One the first tower collapsed, it was as if the air was sucked right out of the room. Dead silence, other than the tv. One of the women in the room started crying. Everyone was standing there, jaws open, dumbfounded.

My father walked out of the room and came back in a few minutes later. He handed me a card and I looked down at it. It was his visitor's pass from the day before.

I spoke to my wife at some point and we discussed the various people we know who worked in the towers and others who worked near them. The fear of who we lost was immense. Her call waiting kept ringing so she started fielding calls and I went back to watching and, when the second tower came down, I went back to my office and started scouring the internet for information.

The reports of bombs in shopping centers, planes heading everywhere, Shanksville, The Pentagon etc were unending. What was real? What was b.s.? It was all a jumbled mess of panic, dread and fear.

My uncle, who's office was on Wall Street at the time, was unaccounted for. Two of my best friends were unaccounted for. Other friends and associates were missing. By nightfall, my uncle was home, having walked uptown from the mess. My two best friends were home. One of them was in an office facing the towers and when the second plane hit they all left. He was a block away at the time. He wound up trapped in the debris cloud and he, and a group of coworkers, wandered away from the cloud, winding up, somehow, in brooklyn, before they realized that they had even crossed the bridge. He lives uptown so he had to turn and head back into the hell to get home.

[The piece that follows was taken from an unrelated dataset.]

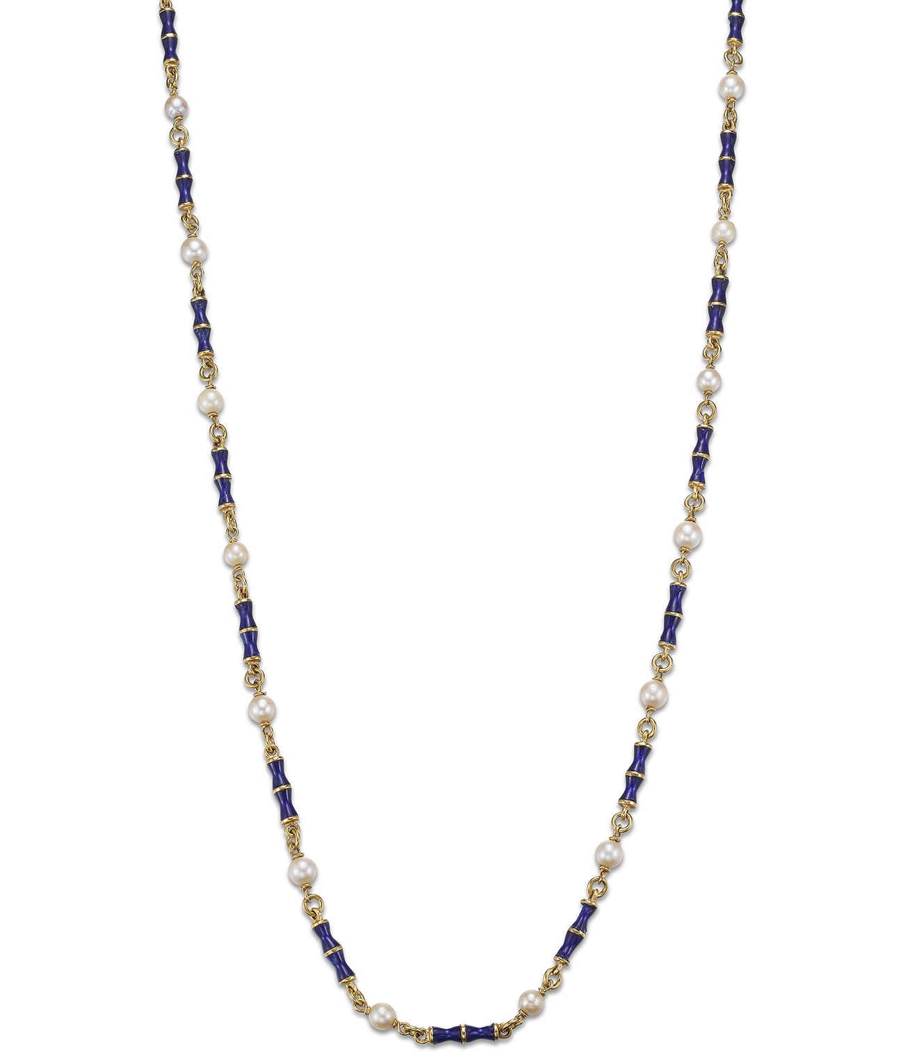 The gold chain embellished with alternating seed pearls and blue enamel posts, length approximately 1010mm.

Then we got word of those friends that were in the towers that morning. The husband of my wife's college friend. We had been at his wedding a year earlier. We had attended a wedding with him a week earlier. He was last seen heading back up to his office to make sure his staff didn't head back to their desks when the all clear was sounded after the first plane hit. He was never seen again but, according to his coworkers, he stayed in that office, sending everyone back down and he waited there to make sure nobody was there.

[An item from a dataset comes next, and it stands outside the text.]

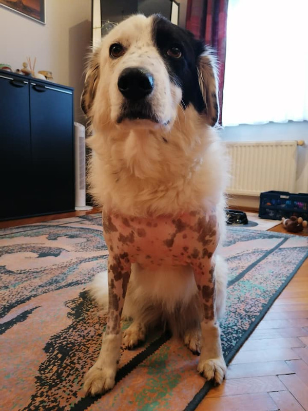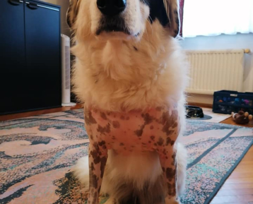 Weißt du, liebe Patentante, mit der Gesundheit hab ich es leider nicht so gut erwischt. Die Steine in meiner Blase haben wir sehr gut unter Kontrolle, aber leider habe ich auch eine Staub- Milben- und Gräserallergie. Da bekomme ich, wenn’s ganz schlimm ist, immer so doofe Tabletten, die ich nicht fressen mag! Naja, sie helfen zumindest ein bisschen. Und weißt du, was ganz schlimm ist? Ich hab Arthrose in beiden Ellbogengelenken und auch eine Ellbogendysplasie! Ich musste deshalb im November operiert werden, weil  lauter abgebrochene Knorpelteile in meinen Gelenken herum geschwommen sind. Kannst du dir vorstellen, was das für Schmerzen waren, weil solange keiner die richtige Diagnose gestellt hat, ich immer wieder lahmte, und immer so tapfer beim Tierarzt war und keine Schmerzen gezeigt habe, wenn der überall herumgedrückt hat? Aber meine Mami hat nicht locker gelassen, bis wir endlich bei einem Tierarzt waren, der mir geholfen hat. Und auf meiner linken Seite ist der Knochen der Speiche höher gewachsen, als die Elle, sagt der Tierarzt. Aber das beobachten wir jetzt mal, weil sonst müsste der Knochen gekürzt werden und das mag ich gar nicht, und meine Mami auch nicht. Jetzt ist zum Glück mal alles von der Operation verheilt und mein Fell ist auch schon wieder nachgewachsen. Nackig haben sie mich geschoren, und dann hat mich meine Mami angezogen, weil es so kalt war – ich sag dir, das war ganz dooof, mit den Klamotten Gassi gehen.

Another friend of ours, who had been in a summer house with us a year earlier, was among the missing, later declared dead.

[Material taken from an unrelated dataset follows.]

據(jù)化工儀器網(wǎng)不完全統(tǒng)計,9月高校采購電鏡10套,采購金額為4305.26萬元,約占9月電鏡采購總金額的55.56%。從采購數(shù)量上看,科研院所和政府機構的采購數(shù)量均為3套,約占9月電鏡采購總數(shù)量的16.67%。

The last of our losses was a friend of mine from college. He was a broker and I had opened up an account with him a year or two earlier. We spoke about once a month. He was unfortunate enough to have been in the towers when the bomb went off in the 90's. He walked down over 100 flights to safety that day. He was also on the long island railroad car that afternoon when that guy Colin somethingorother shot and killed all those people. He was sitting next to a guy who was shot and killed and the guy pointed his gun at Doug and, for whatever reason, didn't shoot him. Doug used to joke that he was down to his last strike and that he'd never get a third chance at living. He didn't.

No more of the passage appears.